WHAT TO WORK ON: Wherever an image appears in the data, omit it and copy all the remaining text word for word.
(RECORDED INFORMATION)
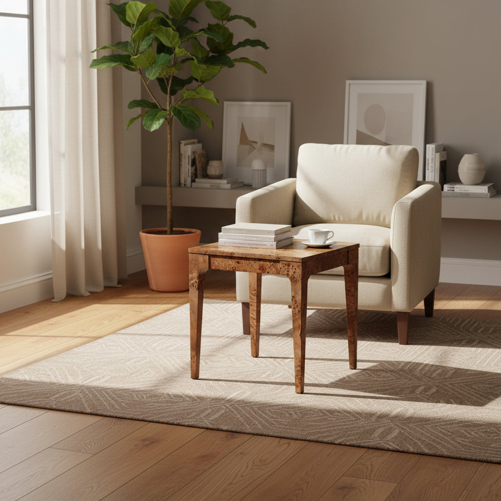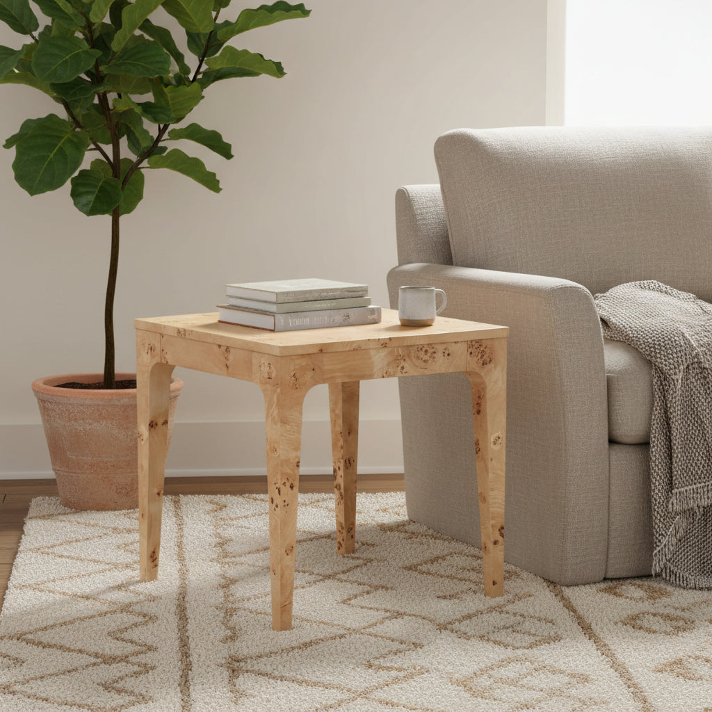 • The side table derived from the burl wood of the Mappa tree, this veneer displays a unique grain pattern with intricate swirls and details, making each side table a one-of-a-kind piece of art.
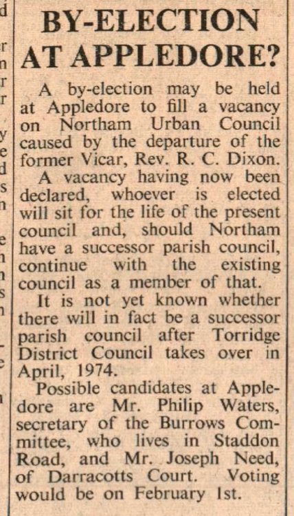 Draft wardings for the first election of the Torridge District Council made by the Home Office followed exactly the recommendations of the steering committee as approved by the constituent councils, the Town Clerk, Mr L B Galliford, told Bideford Town Council. They give a council of 36 – nine representatives for Bideford, three for Torrington borough, seven for Northam urban district, four for Bideford rural council, six for Torrington rural district and seven for Holsworthy rural district. The Home Office, said Mr Galliford, had told them that Bideford borough would be designated by order as the authority to appoint the returning officer and would have to pay his expenses for the first election.
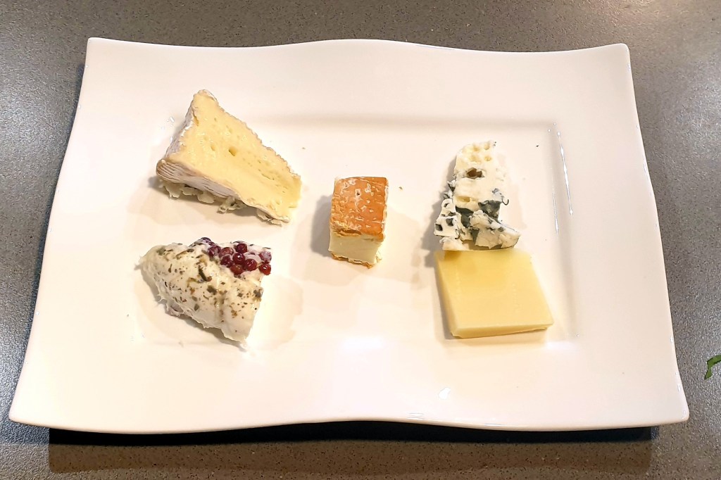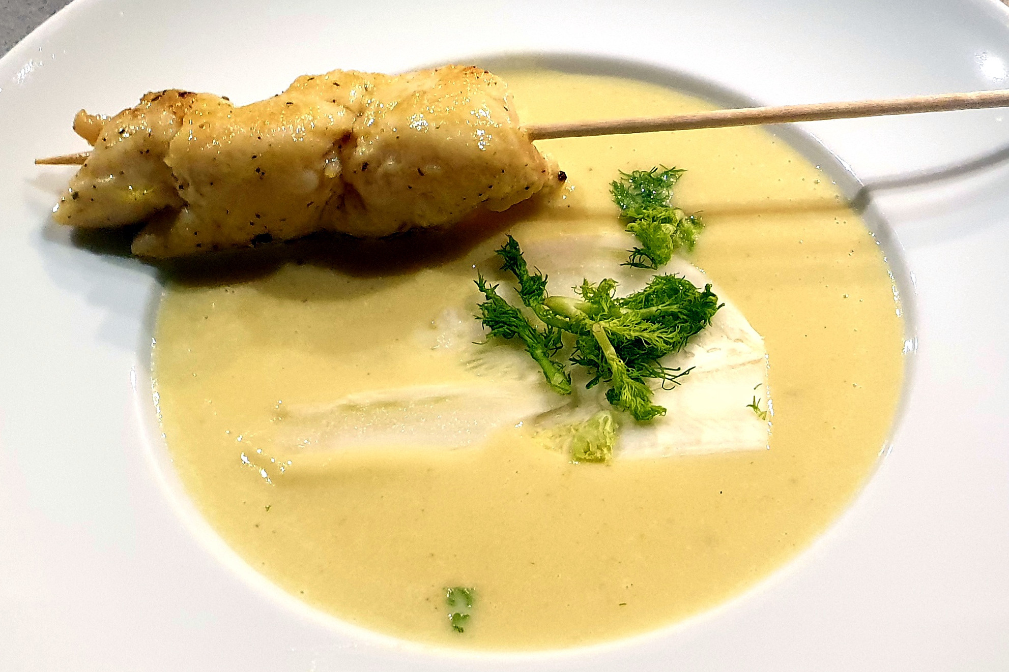 Giersch, Radieschen, geröstete Brotwürfel , ParmesanspäneCappuccino von der GarneleGarnelen, Rosmarin, Weisswein, Noilly Prat, Pastis.Kabeljau gebbraten, Sauce von Stangensellerie, Spitzpaprika, Pasta di Semola4 x Käse
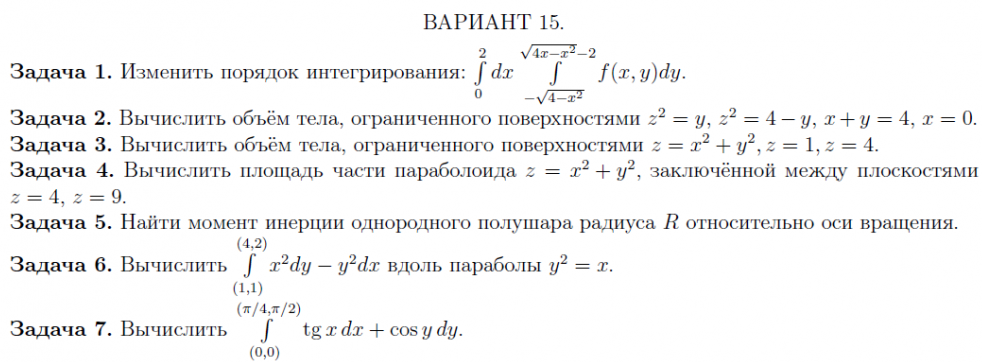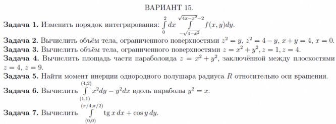 Вариант 15 - Дз-1 "Кратные и криволинейные интегралы"
(End RECORDED INFORMATION)
ANSWER SECTION:
 • The side table derived from the burl wood of the Mappa tree, this veneer displays a unique grain pattern with intricate swirls and details, making each side table a one-of-a-kind piece of art.
 Draft wardings for the first election of the Torridge District Council made by the Home Office followed exactly the recommendations of the steering committee as approved by the constituent councils, the Town Clerk, Mr L B Galliford, told Bideford Town Council. They give a council of 36 – nine representatives for Bideford, three for Torrington borough, seven for Northam urban district, four for Bideford rural council, six for Torrington rural district and seven for Holsworthy rural district. The Home Office, said Mr Galliford, had told them that Bideford borough would be designated by order as the authority to appoint the returning officer and would have to pay his expenses for the first election.
 Giersch, Radieschen, geröstete Brotwürfel , ParmesanspäneCappuccino von der GarneleGarnelen, Rosmarin, Weisswein, Noilly Prat, Pastis.Kabeljau gebbraten, Sauce von Stangensellerie, Spitzpaprika, Pasta di Semola4 x Käse
 Вариант 15 - Дз-1 "Кратные и криволинейные интегралы"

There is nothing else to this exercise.